## About this task
Each line of the listing must be transcribed exactly, except for the images, which should be excluded.

## Data shown
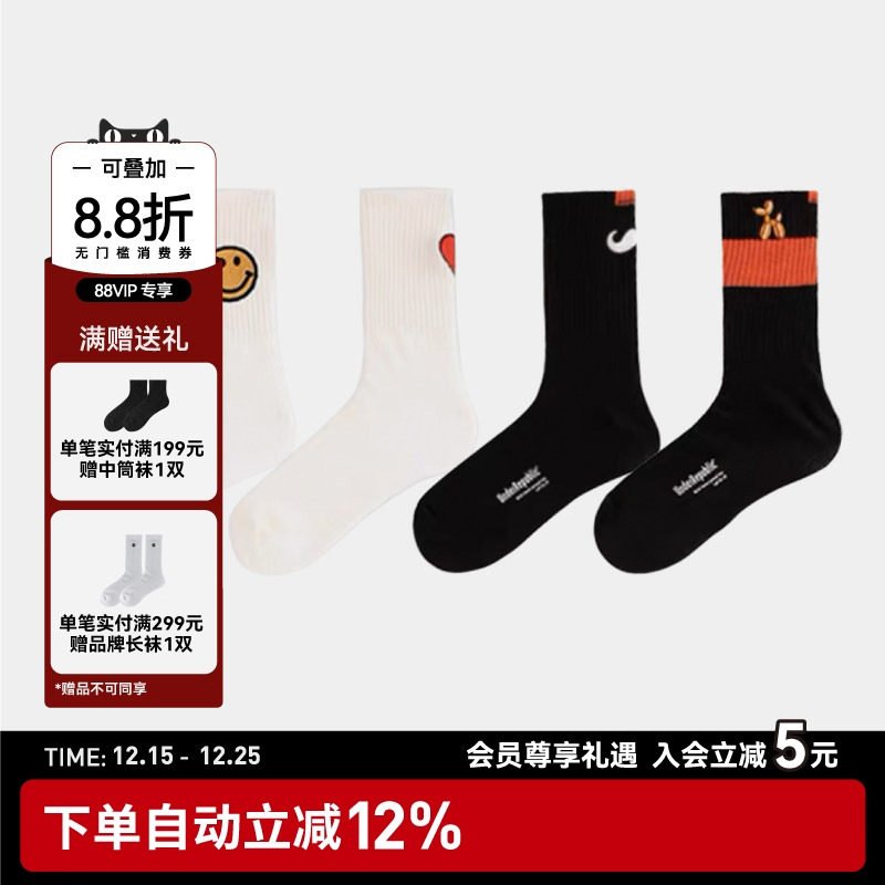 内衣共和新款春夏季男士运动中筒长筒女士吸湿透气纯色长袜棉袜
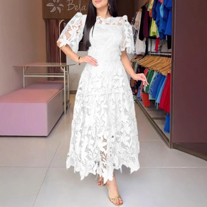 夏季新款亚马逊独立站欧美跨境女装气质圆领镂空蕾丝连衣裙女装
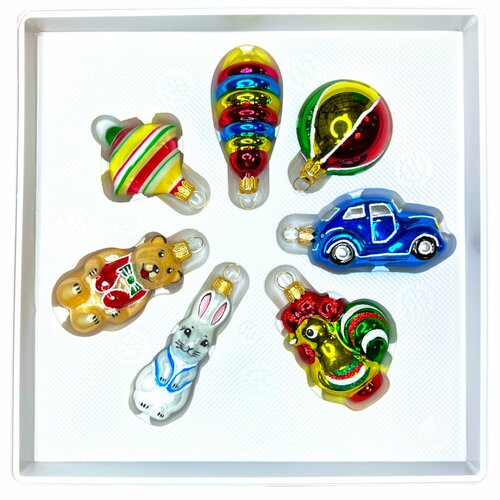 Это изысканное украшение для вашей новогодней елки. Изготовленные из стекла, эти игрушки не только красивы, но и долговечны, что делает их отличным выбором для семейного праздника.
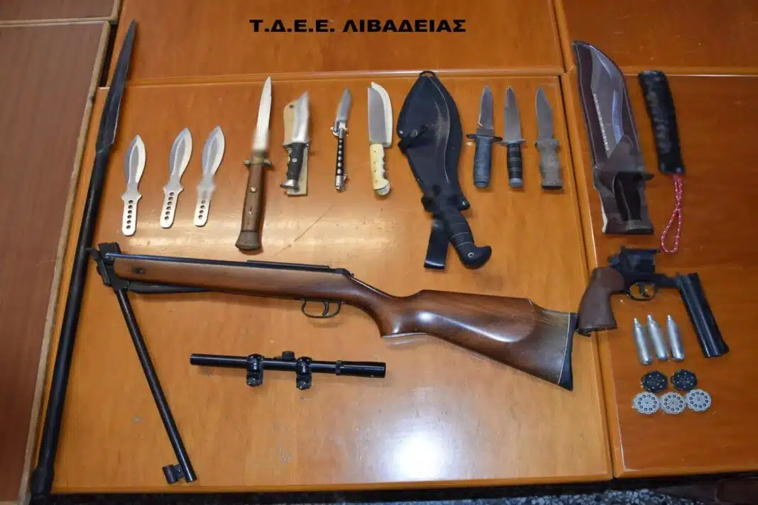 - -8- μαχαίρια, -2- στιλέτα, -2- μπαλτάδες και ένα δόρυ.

## Problem solution
 内衣共和新款春夏季男士运动中筒长筒女士吸湿透气纯色长袜棉袜
 夏季新款亚马逊独立站欧美跨境女装气质圆领镂空蕾丝连衣裙女装
 Это изысканное украшение для вашей новогодней елки. Изготовленные из стекла, эти игрушки не только красивы, но и долговечны, что делает их отличным выбором для семейного праздника.
 - -8- μαχαίρια, -2- στιλέτα, -2- μπαλτάδες και ένα δόρυ.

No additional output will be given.